REDAKSI8.COM, SAMARINDA – Upaya penyelesaian kasus dugaan malpraktik yang melibatkan Dokter Spesialis Bedah Umum Darwin dan pasien bernama Rias Khairunnisa di Rumah Sakit Haji Darjat (RSHD) Samarinda tidak membuahkan hasil.

Mediasi yang digelar Senin (30/6/2025) berakhir tanpa kesepakatan. Kedua pihak tetap bertahan pada klaim masing-masing dan saling membantah kebenaran tindakan medis yang telah dilakukan.

Dalam proses mediasi, Darwin menegaskan dirinya tidak melakukan pelanggaran dan menyebut seluruh prosedur medis telah dijalankan sesuai Standar Operasional Prosedur (SOP).
“Saya sudah menjalankan prosedur medis sebagaimana mestinya. Tidak ada yang saya langgar. Semua saya lakukan berdasarkan sumpah kedokteran,” ujarnya, Senin (30/06).

Darwin menyebut telah membawa cetakan rekam medis serta sertifikat yang dijadikan sebagai dokumen pendukung.
Menanggapi tudingan bahwa ia tidak melakukan tes urine dan darah terhadap pasien, ia menjelaskan pemeriksaan tersebut dilakukan saat korban berada di Instalasi Gawat Darurat (IGD) melalui infus.
Darwin menjelaskan bahwa infeksi pasca operasi yang dialami pasien berasal dari luar tubuh, bukan dari dalam. Ia membantah adanya pemaksaan kepada pasien untuk menjalani operasi.
“Saya tidak pernah memaksa. Justru informasi soal perlunya operasi pertama kali disampaikan oleh perawat sesuai anjuran dokter. Tidak ada unsur paksaan,” tegasnya.
Pernyataan Darwin tersebut langsung ditanggapi kuasa hukum korban, Titus Tibayyan Pakalla. Titus menyebut klaim sang dokter tidak berdasar dan penuh kejanggalan, termasuk mengenai rekam medis.
“Pertanyaannya, dari mana rekam medis itu diperoleh?

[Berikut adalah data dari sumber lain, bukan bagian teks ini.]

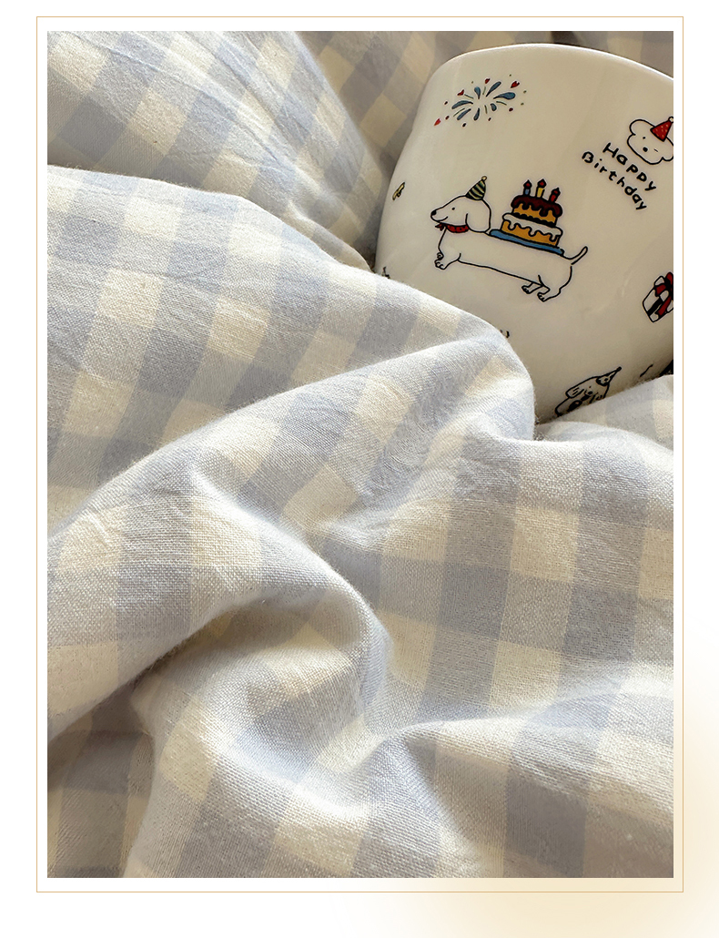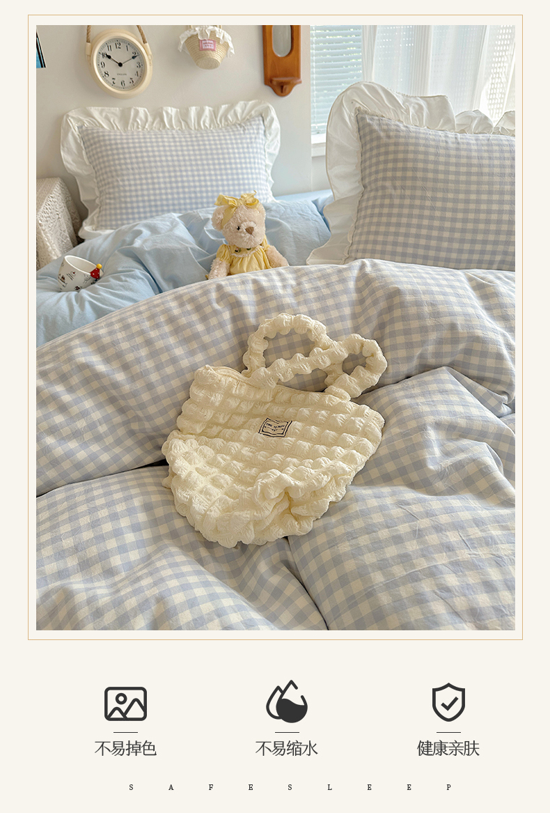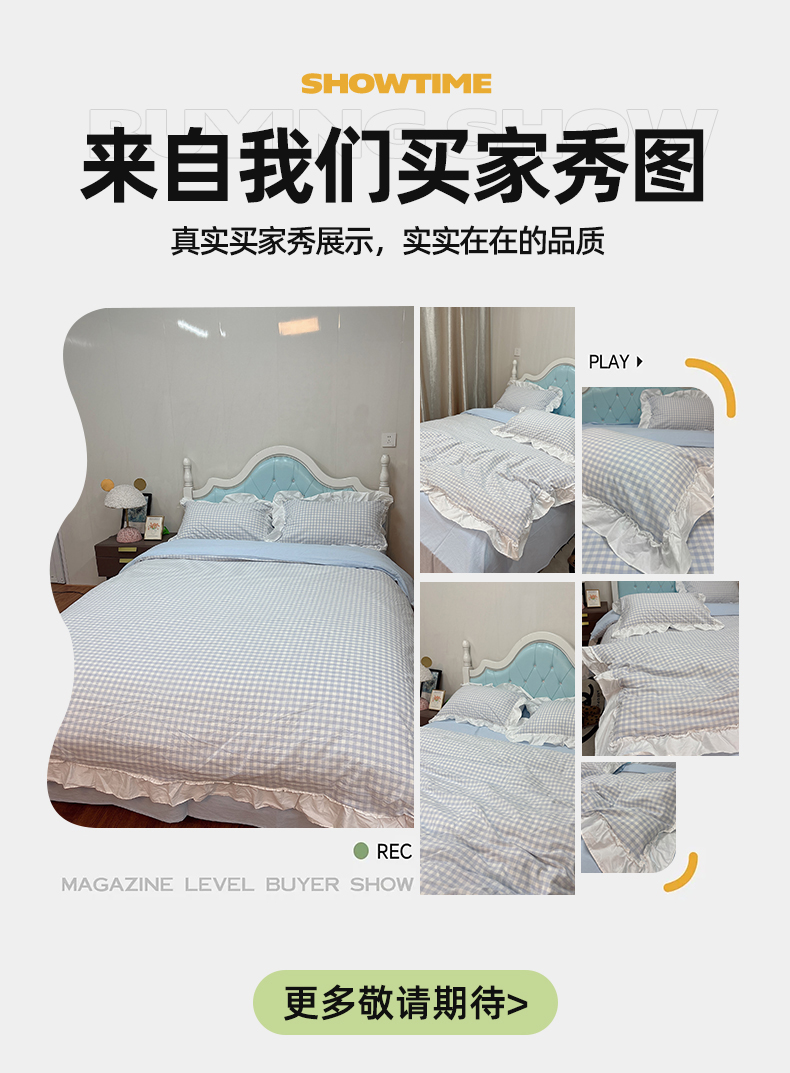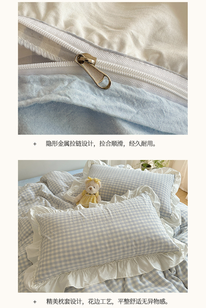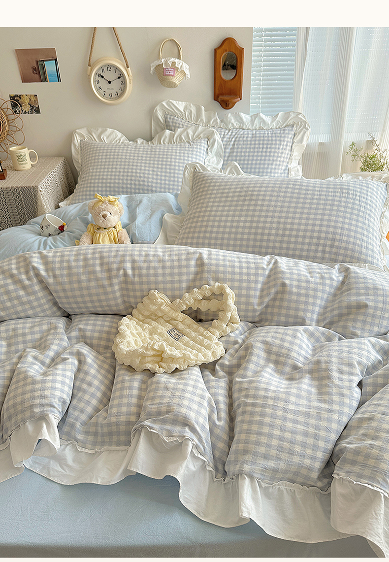 (总)有间小屋 2025新款A类ins韩系全棉水洗棉花边款四件套,花边黑小格,花边粉小格,花边红小格,花边黄小格,花边兰小格

Rumah sakit sudah tutup. Sementara somasi dari kami baru dikirimkan Oktober tahun lalu. Aneh jika Darwin sudah punya dokumen itu sebelumnya,” ucap Titus.
Ia mengungkapkan adanya hasil USG dan tes darah yang tercatat dua kali antara tanggal 17 hingga 20, padahal korban hanya dirawat dari tanggal 17 sampai 18.
“Itu jelas tidak masuk akal,” sangkalnya.
Lebih lanjut, Titus menyampaikan bahwa setelah korban menjalani pemeriksaan ulang di RS Abdul Moeis, ditemukan cairan kotor keluar dari bekas luka operasi.
Hal itu menurutnya menunjukkan indikasi kebocoran dari dalam tubuh, bukan infeksi dari luar.
“Kalau hanya dari luar kulit, tidak mungkin ada kotoran perut keluar dari luka bekas operasi. Ini bukan infeksi biasa,” tegas Titus.
Saat ini, pihak kuasa hukum korban masih menunggu hasil investigasi resmi dari Ikatan Dokter Indonesia (IDI) Samarinda.
Titus menyatakan bahwa jika hasil investigasi menyimpulkan adanya pelanggaran etika atau SOP, maka pihaknya akan membawa kasus ini ke jalur hukum.
Namun apabila IDI menyatakan tidak ada pelanggaran, langkah hukum tetap dipertimbangkan berdasarkan bukti, data, dan saksi yang dimiliki.